Transcription
- Cover of the book.
- Author: Ben Lerner
- Language: English
- Publisher: Farrar, Straus and Giroux
- Publication date: 2026
- Pages: 130
- ISBN: 978-0-374-61859-9

= Transcription (Lerner novel) =

2026 novel by Ben Lerner

Transcription is a 2026 novel by Ben Lerner, published by Farrar, Straus and Giroux. It follows a 45-year-old man as he interviews his mentor shortly before the mentor’s death, and events that follow.

It was the winner of the Orwell Prize for Political Fiction in 2026.

== Writing and publication ==
Ben Lerner published three novels before Transcription: Leaving the Atocha Station (2011), 10:04 (2014), and The Topeka School (2019). He was inspired to write Transcription after being asked, in 2024, if he wanted to interview the poet Rosmarie Waldrop. The character of Thomas is said to be partly inspired by German author, filmmaker, and intellectual Alexander Kluge, with whom Lerner had worked on a number of projects.

The novel was published by Farrar, Straus and Giroux. At around 130 pages long, divided into three sections, it is Lerner's shortest novel.

== Plot ==
Transcription follows an unnamed 45-year-old narrator, who has returned to Providence, Rhode Island, to interview his 90-year-old mentor, Thomas. Shortly before he is due to conduct the interview, he accidentally knocks his phone into water, and it dies, leaving him without a working recording device.

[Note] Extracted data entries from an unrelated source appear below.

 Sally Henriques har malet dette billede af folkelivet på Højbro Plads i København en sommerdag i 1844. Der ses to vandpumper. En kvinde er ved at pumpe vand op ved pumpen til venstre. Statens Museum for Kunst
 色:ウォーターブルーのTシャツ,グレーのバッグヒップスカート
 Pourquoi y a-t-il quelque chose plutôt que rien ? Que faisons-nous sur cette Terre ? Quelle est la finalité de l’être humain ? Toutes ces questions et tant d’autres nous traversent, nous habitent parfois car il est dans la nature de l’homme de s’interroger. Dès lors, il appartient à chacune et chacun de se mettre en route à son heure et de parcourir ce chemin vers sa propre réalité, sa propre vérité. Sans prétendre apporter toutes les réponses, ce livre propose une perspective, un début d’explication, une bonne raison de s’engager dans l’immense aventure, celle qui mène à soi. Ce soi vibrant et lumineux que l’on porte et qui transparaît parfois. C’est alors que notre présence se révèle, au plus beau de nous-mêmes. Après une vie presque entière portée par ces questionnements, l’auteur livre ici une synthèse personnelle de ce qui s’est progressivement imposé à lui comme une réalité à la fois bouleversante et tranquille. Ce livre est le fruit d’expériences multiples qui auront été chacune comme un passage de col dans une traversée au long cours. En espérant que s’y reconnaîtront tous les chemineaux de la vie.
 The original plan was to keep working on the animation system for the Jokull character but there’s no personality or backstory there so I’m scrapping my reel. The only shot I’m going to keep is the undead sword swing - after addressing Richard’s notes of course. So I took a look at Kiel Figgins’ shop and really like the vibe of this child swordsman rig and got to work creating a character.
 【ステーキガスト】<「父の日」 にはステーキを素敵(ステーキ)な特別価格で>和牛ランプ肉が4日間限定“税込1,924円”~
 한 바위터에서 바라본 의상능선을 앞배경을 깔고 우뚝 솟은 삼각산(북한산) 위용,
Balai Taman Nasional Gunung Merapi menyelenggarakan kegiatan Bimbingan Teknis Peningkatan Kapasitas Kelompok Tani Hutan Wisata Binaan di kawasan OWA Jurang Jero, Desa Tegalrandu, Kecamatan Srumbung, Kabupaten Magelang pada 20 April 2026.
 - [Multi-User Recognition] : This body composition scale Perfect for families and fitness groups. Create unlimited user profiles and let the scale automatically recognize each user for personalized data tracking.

He arrives at Thomas's house and they begin talking. The narrator lies to Thomas and tells him their discussion is being recorded.

Part 2 takes place in Spain following an event organized to honor Thomas after his death. At the event, the narrator revealed that what had been published as an account of his conversation with Thomas was an imagined reconstruction. He debated the ethics of having done so.

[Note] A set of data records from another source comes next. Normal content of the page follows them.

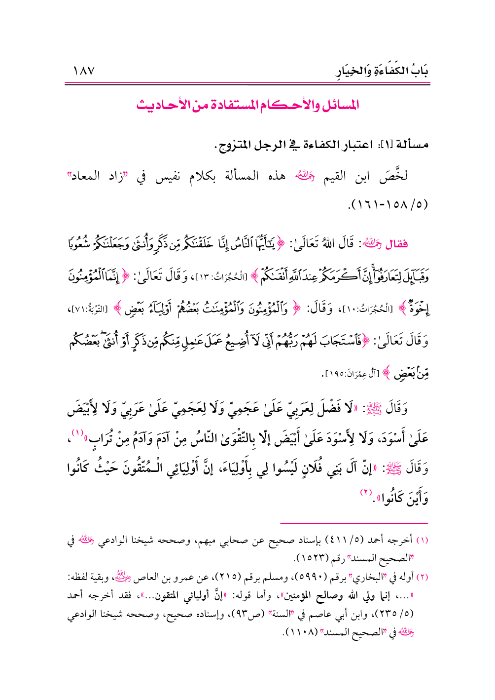 فقال -رحمه الله-: قَالَ اللهُ تَعَالَى: {يَاأَيُّهَا النَّاسُ إِنَّا خَلَقْنَاكُمْ مِنْ ذَكَرٍ وَأُنْثَى وَجَعَلْنَاكُمْ شُعُوبًا وَقَبَائِلَ لِتَعَارَفُوا إِنَّ أَكْرَمَكُمْ عِنْدَ اللَّهِ أَتْقَاكُمْ} [الْحُجُرَاتُ: ١٣]، وَقَالَ تَعَالَى: {إِنَّمَا الْمُؤْمِنُونَ إِخْوَةٌ} [الْحُجُرَاتُ:١٠]، وَقَالَ: {وَالْمُؤْمِنُونَ وَالْمُؤْمِنَاتُ بَعْضُهُمْ أَوْلِيَاءُ بَعْضٍ} [التّوْبَةُ:٧١]، وَقَالَ تَعَالَى: {فَاسْتَجَابَ لَهُمْ رَبُّهُمْ أَنِّي لَا أُضِيعُ عَمَلَ عَامِلٍ مِنْكُمْ مِنْ ذَكَرٍ أَوْ أُنْثَى بَعْضُكُمْ مِنْ بَعْضٍ} [آلُ عِمْرَانَ:١٩٥].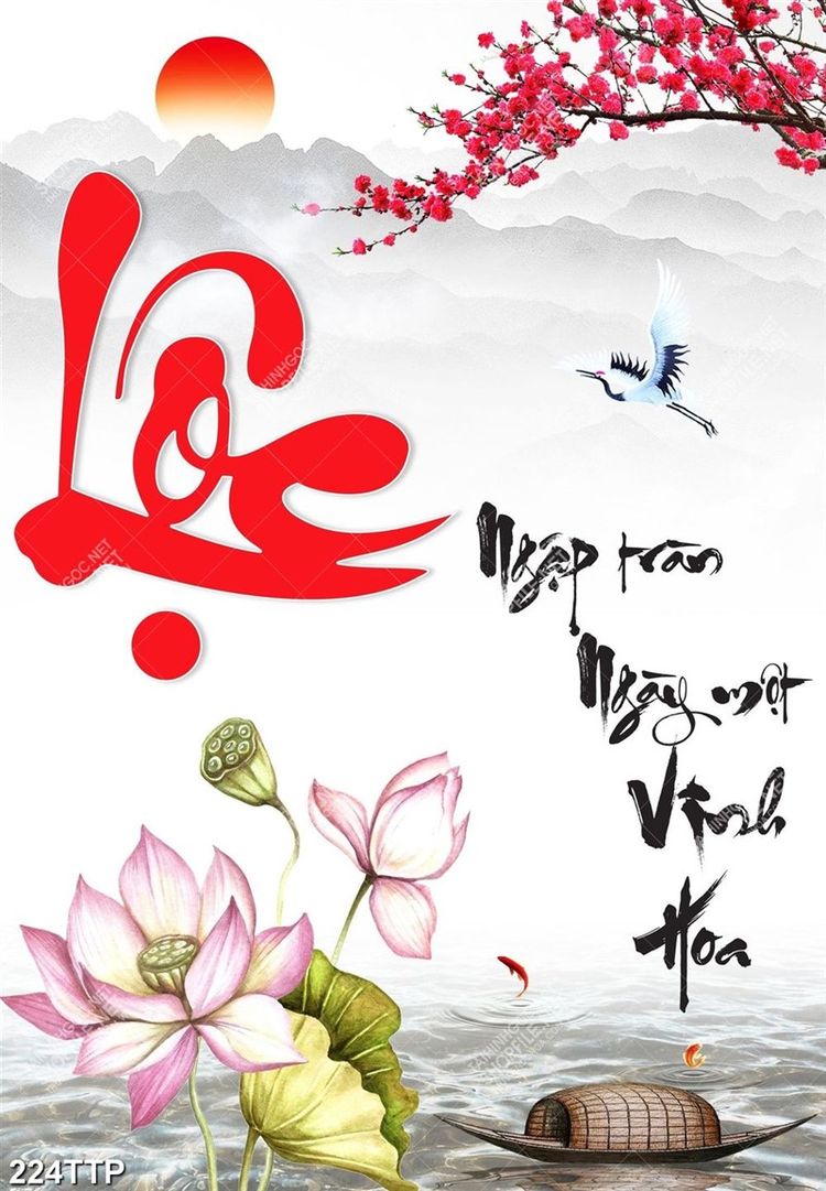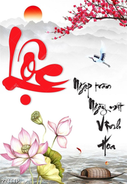 Tranh thư pháp trang trí chữ lộc bên con đò nhỏ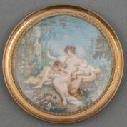 Miniatuurschildering: godin met cherubijn en twee duiven, 19e eeuw, Ø 6,5 cm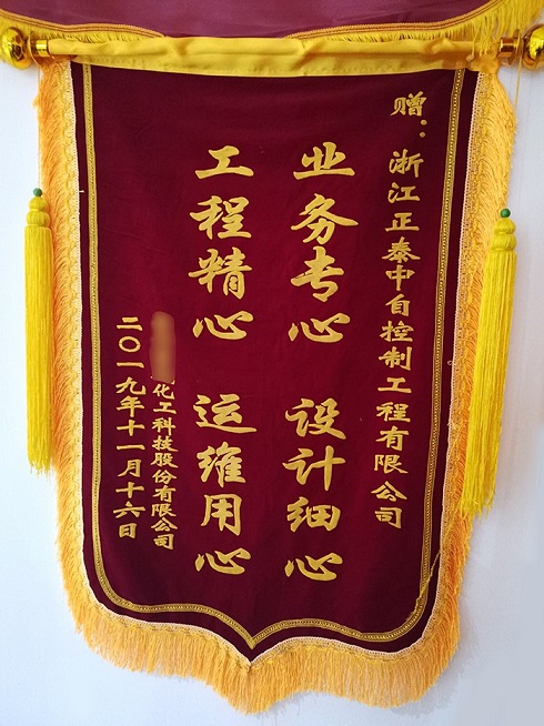 近日,由正泰中自負(fù)責(zé)實施的某化工企業(yè)自動化安全升級改造項目一次性開車成功。一面錦旗贈予公司,表達(dá)了對“中自人”服務(wù)精神、工程能力、業(yè)務(wù)水平的贊賞和肯定。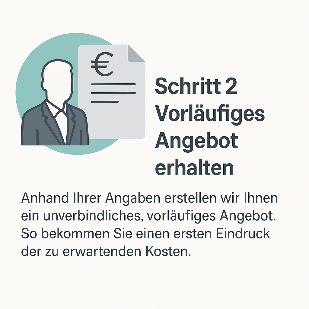 Anhand Ihrer Angaben erstellen wir Ihnen ein unverbindliches, vorläufiges Angebot. So bekommen Sie schnell einen ersten Eindruck der zu erwartenden Kosten – ohne Verpflichtungen.

Part 3 consists of a conversation between Max, Thomas's son, and the narrator. Max talks about his daughter's struggles with an eating disorder and his father's near-death experience of catching COVID-19 early in the pandemic.

== Reception ==
A critic writing in The Guardian deemed the novel a "stunning exploration of technology and storytelling", while Kirkus Reviews called it “a tart meditation on narrative and integrity” and praised its engagement with themes of technology, miscommunication, and identity. The New York Times described it as making "a case for the vitality of the [novel]" and Katie Tobin of Jacobin called the book a "penetrating meditation on fraudulence, fatherhood, and the fate of authentic experience in our digital age".

In the announcement of its winning the Orwell Prize, judging chair Fiammetta Rocco called it "a forensic study of our insatiable appetite for new technology," and describing it as "funny, brainy and timely. Lerner deserves to be a household name."